Many survey respondents noted that they’ve been asked to remove their masks so the customer can “see that pretty face under there.” Some say they were explicitly told to take off their masks so the customer could decide how much to tip.

“They’ll tell me to take off my mask because they want to see me,” Lazar said.

Natasha Van Duser started her bartending job at a New York City bar a few weeks before shutdowns began in March. When the bar reopened in July, she said, she was surprised to be one of the few servers invited back — others had been working there far longer. Her manager said he needed a “pretty face,” she said.

Van Duser didn’t appreciate that comment, she said, but decided to go back anyway: She’d been out of work for more than three months, getting by only with help from her mom and boyfriend.

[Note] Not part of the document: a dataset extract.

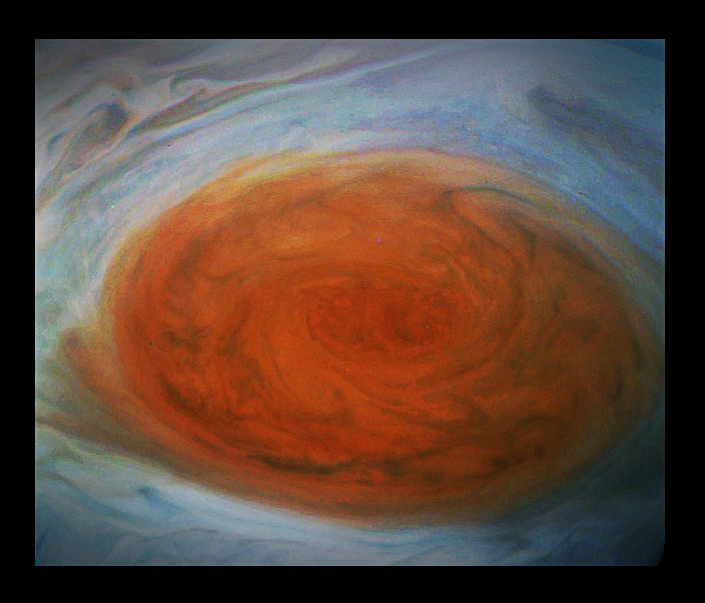 JUNO image of the Great Red Spot processed to bring out detail and structure

She needed the money.

In a typical week, Van Duser makes about $350, compared to the $1,000 or more that she’d been making in early March. With fewer people in the restaurant, she said, tips are “way down.”

Eighty-three percent of workers surveyed by One Fair Wage say their tips have declined during the coronavirus. Almost two-thirds say that, like Van Duser, they’re taking home less than 50 percent what they used to in tips. Far fewer people are dining out, said Van Duser — and the people she is serving are often strangers, less inclined to tip well. The pandemic has kept many of the bar’s “regulars” at home.

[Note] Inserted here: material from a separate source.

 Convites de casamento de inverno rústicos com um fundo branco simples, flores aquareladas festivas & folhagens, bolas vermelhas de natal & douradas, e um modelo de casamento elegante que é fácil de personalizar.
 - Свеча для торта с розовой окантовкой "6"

With fewer opportunities for tips, Van Duser said she feels more pressure to make a good impression.

“I feel like I’m walking on pins and needles the whole time,” she said.

Coronavirus restrictions can affect tips, too. It’s often the waitress’s job to remind customers to wear their masks or enforce social distancing. Sixty-seven percent of those surveyed say their tips go down when they invoke these requirements.

Customers leave smaller tips “because they’re frustrated or mad,” said Melissa Poole, who works at a small sports bar in Louisville.

Some will walk out, reminding Poole that the sports bar down the street isn’t enforcing the same restrictions. The vast majority of the customers are politically conservative, she said, and resent the coronavirus protocols.

“I know it’s a reason we’re not as busy,” she said. But she’s not willing to bend the rules: Of the 10 servers and cooks on staff, Poole said, she is one of only three people who haven’t yet tested positive for the coronavirus.

Customers have been quicker to disrespect and harass servers during the pandemic, too. Forty-one percent of those surveyed say they are sexually harassed more often now than they were before the coronavirus, and many have been harassed for enforcing coronavirus restrictions. One customer spat on Van Duser when she asked her to wear her mask. Another threw several plates and cups on the floor, Van Duser said.

“I’m actually a little scared now to be honest.” After both incidents, she said, she asked her boyfriend to come by the restaurant until she finished her shift. “I was so nervous being there alone.”

Van Duser is constantly worried about her safety while she’s at work, she said. Along with the harassment, she said, she’s concerned she’ll be exposed to the coronavirus. The management hasn’t been complying with industry safety protocols. She’s hesitant to complain too much, she said, worried it could cost her the job.

At the cafe in Illinois, Lazer tries to be as careful as possible. She stays away from the customers when she’s not serving them.

Her mask is always on, she said, unless a male customer asks her to take it off.

“Then I consciously try not to go within six feet,” she said. “But I will if I have to.”